-------- DATA SECTION

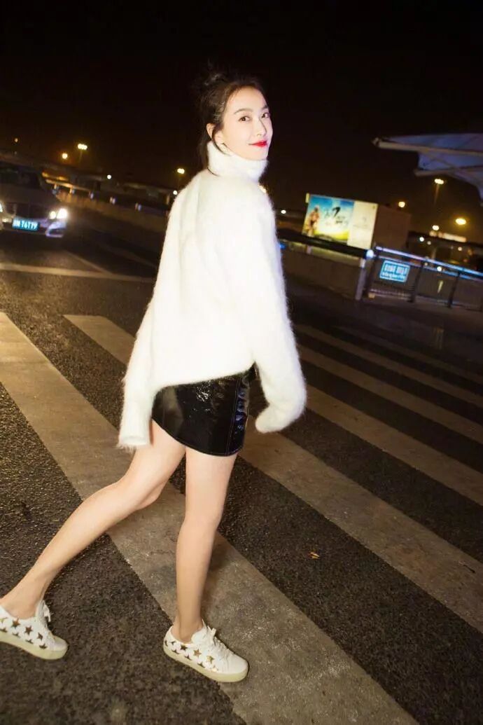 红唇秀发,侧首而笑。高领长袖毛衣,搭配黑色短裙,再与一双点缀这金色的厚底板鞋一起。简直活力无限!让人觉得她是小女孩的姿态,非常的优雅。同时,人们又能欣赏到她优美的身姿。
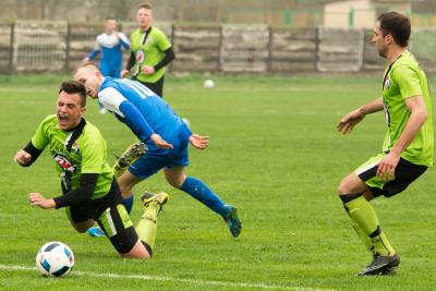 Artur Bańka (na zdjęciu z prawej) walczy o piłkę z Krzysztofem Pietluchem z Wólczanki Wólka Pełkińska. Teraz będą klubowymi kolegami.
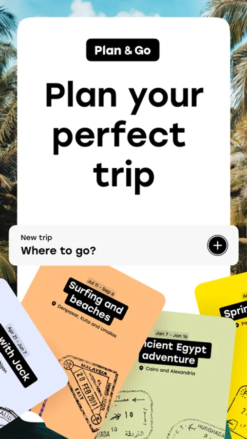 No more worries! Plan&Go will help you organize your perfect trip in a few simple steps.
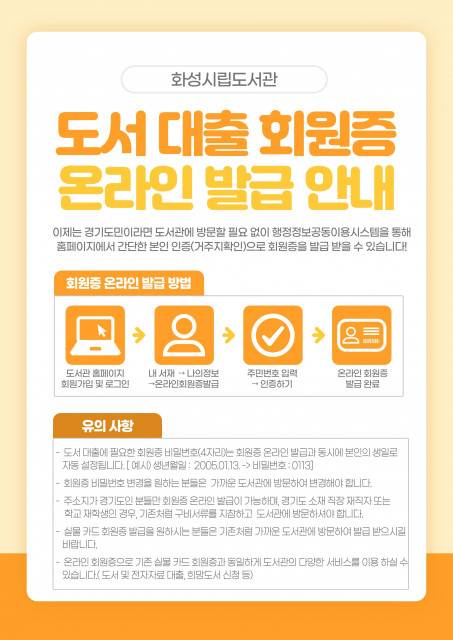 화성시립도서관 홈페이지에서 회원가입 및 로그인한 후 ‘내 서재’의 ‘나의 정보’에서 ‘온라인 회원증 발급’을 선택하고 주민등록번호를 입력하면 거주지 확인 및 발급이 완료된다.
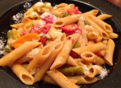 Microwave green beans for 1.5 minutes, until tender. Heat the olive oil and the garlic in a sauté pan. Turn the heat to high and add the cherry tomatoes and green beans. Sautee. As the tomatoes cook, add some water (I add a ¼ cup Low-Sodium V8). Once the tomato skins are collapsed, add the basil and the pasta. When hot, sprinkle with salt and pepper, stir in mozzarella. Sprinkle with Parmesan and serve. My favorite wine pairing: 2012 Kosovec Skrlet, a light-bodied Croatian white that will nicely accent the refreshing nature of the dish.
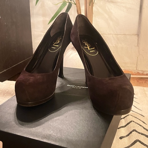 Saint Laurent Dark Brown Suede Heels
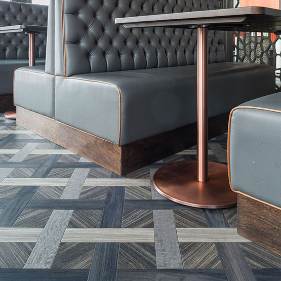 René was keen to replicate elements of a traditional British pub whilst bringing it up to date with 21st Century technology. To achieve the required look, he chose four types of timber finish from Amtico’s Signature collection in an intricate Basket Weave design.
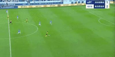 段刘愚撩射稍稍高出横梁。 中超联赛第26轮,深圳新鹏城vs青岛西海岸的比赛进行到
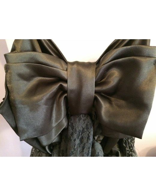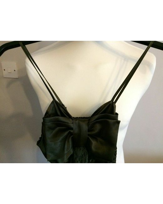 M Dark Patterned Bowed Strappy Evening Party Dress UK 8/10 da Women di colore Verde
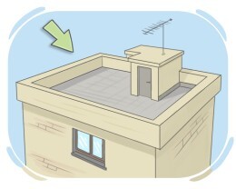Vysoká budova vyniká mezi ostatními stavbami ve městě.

----------------
-------- DATA SECTION

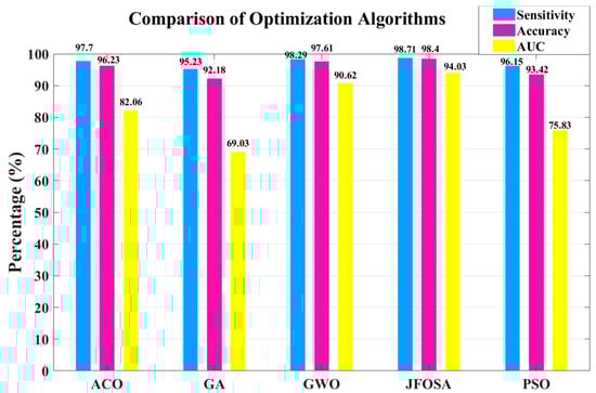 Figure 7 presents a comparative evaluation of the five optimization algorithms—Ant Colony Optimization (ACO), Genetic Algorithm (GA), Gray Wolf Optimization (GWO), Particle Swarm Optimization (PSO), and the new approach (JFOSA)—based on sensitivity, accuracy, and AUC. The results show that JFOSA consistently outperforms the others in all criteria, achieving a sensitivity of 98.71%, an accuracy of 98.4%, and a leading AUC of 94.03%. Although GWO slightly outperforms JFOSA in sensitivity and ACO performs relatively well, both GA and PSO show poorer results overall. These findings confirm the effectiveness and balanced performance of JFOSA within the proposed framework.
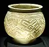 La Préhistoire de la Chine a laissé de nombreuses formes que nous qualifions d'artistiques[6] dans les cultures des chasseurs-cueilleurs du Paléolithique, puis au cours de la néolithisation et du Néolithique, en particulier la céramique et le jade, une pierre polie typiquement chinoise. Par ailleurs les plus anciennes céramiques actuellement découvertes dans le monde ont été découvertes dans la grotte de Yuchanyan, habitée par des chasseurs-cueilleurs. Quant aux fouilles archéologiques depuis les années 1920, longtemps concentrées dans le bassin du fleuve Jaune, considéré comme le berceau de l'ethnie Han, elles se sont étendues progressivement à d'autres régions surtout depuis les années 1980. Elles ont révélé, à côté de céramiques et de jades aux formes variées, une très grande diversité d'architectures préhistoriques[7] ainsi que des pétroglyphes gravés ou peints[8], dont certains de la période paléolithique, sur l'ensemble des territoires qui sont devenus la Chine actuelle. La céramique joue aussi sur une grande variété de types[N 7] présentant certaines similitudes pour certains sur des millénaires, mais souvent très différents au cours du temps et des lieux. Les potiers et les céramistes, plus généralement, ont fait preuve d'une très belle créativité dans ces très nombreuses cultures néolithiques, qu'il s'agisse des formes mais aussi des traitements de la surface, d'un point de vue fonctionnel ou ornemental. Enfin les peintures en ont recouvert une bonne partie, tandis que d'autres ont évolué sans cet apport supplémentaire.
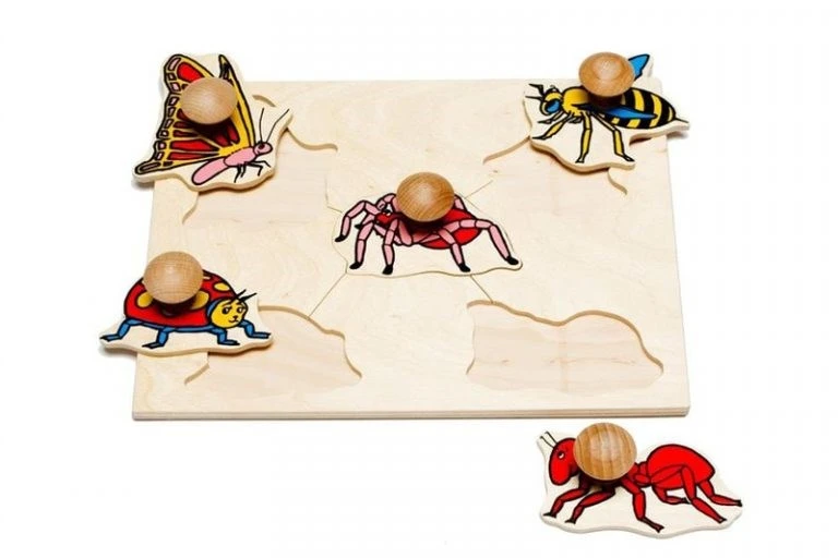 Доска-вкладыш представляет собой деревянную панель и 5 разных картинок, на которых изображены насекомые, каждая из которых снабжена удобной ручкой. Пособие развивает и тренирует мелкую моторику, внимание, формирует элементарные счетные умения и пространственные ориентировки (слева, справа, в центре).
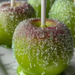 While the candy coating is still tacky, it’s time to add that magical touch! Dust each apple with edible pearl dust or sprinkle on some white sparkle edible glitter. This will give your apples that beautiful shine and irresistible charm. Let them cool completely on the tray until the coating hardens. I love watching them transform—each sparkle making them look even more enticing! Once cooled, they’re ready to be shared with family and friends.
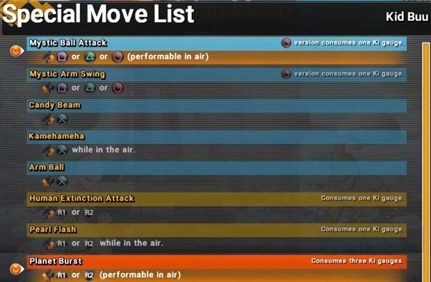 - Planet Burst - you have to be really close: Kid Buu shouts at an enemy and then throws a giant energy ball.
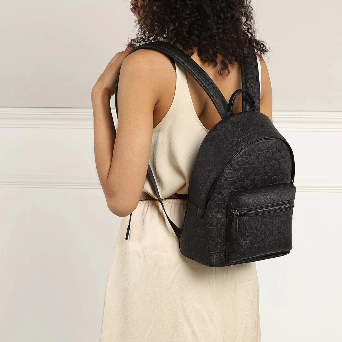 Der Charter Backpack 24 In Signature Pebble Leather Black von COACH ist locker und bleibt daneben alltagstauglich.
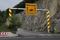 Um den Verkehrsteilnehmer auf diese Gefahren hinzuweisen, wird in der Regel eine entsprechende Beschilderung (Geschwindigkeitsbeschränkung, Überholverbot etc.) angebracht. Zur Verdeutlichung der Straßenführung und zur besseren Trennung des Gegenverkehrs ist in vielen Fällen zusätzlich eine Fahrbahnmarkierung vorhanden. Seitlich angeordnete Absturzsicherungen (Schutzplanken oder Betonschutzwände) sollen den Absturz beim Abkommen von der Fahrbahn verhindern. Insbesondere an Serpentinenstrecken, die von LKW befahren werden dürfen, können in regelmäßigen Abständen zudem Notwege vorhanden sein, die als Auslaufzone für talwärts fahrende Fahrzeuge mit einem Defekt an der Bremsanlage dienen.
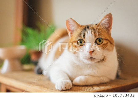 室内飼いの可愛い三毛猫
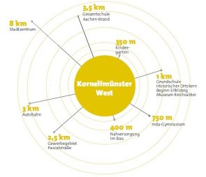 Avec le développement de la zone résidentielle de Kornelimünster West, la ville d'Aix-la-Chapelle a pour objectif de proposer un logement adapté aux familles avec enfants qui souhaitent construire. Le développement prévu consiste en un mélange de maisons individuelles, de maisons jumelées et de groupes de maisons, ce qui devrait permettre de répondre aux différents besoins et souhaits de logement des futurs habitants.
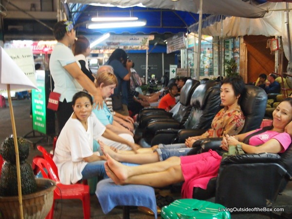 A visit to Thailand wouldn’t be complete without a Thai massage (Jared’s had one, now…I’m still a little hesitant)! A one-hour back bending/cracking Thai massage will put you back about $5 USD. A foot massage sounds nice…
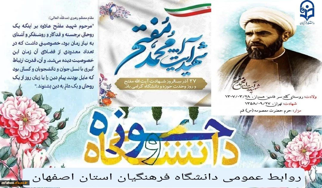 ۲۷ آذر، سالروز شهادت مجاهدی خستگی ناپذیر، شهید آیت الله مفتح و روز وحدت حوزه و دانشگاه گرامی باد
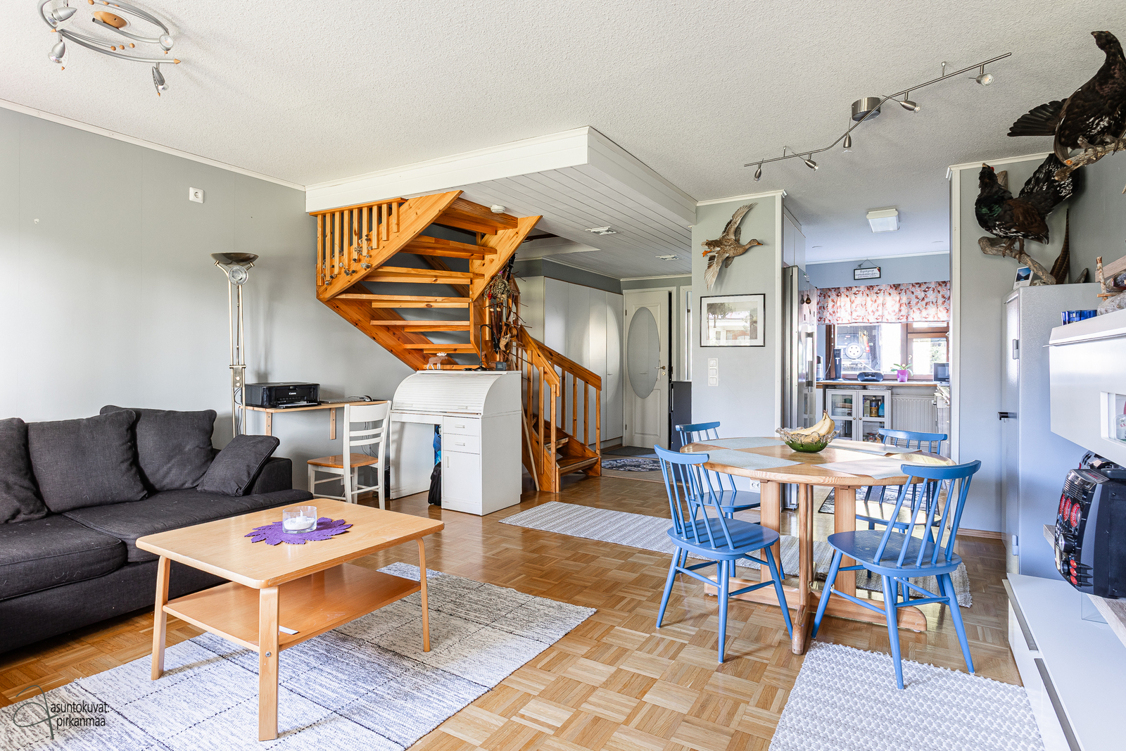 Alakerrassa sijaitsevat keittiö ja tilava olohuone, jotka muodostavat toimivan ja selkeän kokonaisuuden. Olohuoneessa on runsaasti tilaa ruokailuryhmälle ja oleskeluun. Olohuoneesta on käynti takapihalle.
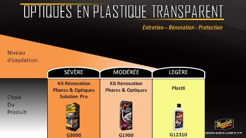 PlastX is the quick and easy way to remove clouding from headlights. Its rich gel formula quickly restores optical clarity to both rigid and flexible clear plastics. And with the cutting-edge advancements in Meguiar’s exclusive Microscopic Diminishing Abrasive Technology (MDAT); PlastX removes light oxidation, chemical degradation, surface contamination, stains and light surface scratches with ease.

----------------

→ EXERCISE INSTRUCTIONS:
Copy word for word only the lines above from the one with "Microwave green beans" through the one with "Vysoká budova vyniká". Leave pictures out.

→ ANSWER TO THE PROBLEM:
 Microwave green beans for 1.5 minutes, until tender. Heat the olive oil and the garlic in a sauté pan. Turn the heat to high and add the cherry tomatoes and green beans. Sautee. As the tomatoes cook, add some water (I add a ¼ cup Low-Sodium V8). Once the tomato skins are collapsed, add the basil and the pasta. When hot, sprinkle with salt and pepper, stir in mozzarella. Sprinkle with Parmesan and serve. My favorite wine pairing: 2012 Kosovec Skrlet, a light-bodied Croatian white that will nicely accent the refreshing nature of the dish.
 Saint Laurent Dark Brown Suede Heels
 René was keen to replicate elements of a traditional British pub whilst bringing it up to date with 21st Century technology. To achieve the required look, he chose four types of timber finish from Amtico’s Signature collection in an intricate Basket Weave design.
 段刘愚撩射稍稍高出横梁。 中超联赛第26轮,深圳新鹏城vs青岛西海岸的比赛进行到
 M Dark Patterned Bowed Strappy Evening Party Dress UK 8/10 da Women di colore Verde
Vysoká budova vyniká mezi ostatními stavbami ve městě.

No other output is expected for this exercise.